Currently, GlucokinaseDB provides information about 1723 glucokinase modulators. Amongst these, 1476 are glucokinase activators (GKAs), 200 are GK-GKRP disruptors and 47 glucokinase inhibitors (GKIs).
Each modulator profile in GlucokinaseDB provides three categories of data; bioactivity, chemical and metadata. Bioactivity data includes the relevant activation/inhibition parameters of the modulator such EC50 values, IC50 values, Activation fold change etc. Chemical data includes the 2D/3D structure of modulator along with various calculated descriptors such as molecular weight, hydrophobicity, pharmacokinetic parameters, druglikeness profile etc. Metadata contains information extracted from the original reference of the modulator such as article DOI, publication year, cross-links to other databases etc.

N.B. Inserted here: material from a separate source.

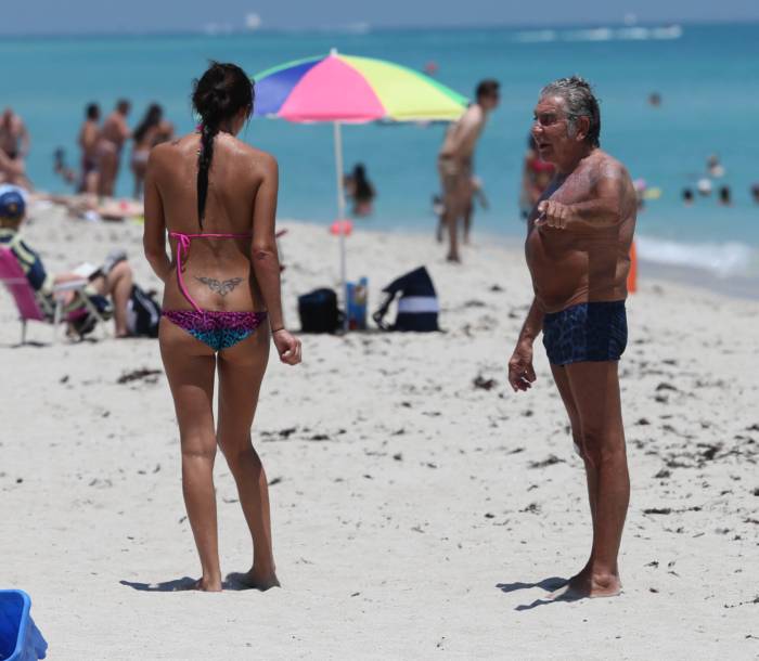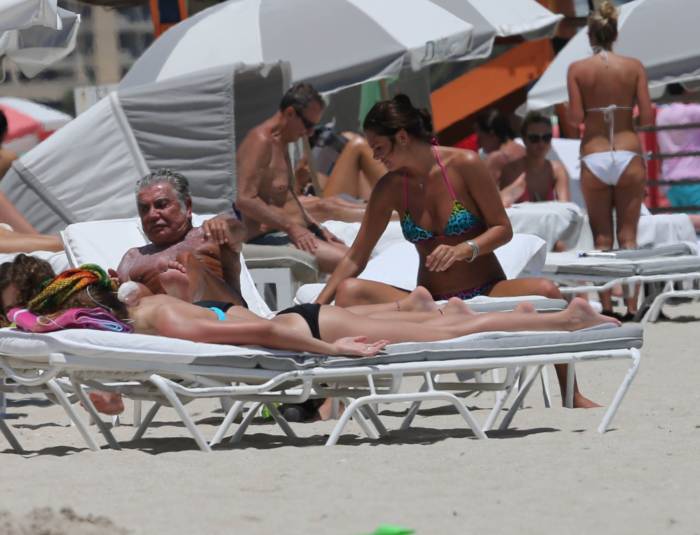 Знаменитый итальянский дизайнер Роберто Кавалли(73)и его спутница жизни модель Лина Нилссон загорают на пляже в Майами.

A few areas of application of GlucokinaseDB can be the following:
As a detailed information repository of glucokinase modulators, GlucokinaseDB would be valuable for researchers and students working in the field of diabetic therapeutics and drug discovery in general. The planned expansion of the database to include further information regarding patents and clinical trials will further increase its applicability domain.
Following are few of the planned updates/expansion for GlucokinaseDB:
Anyone intending to submit a novel or possibly omitted glucokinase modulator should visit the 'Submit' page for details regarding user submission or contact the team (visit 'About Us' page for details).
The contact details of team involved in the design and development of GlucokinaseDB can be found on the About Us page.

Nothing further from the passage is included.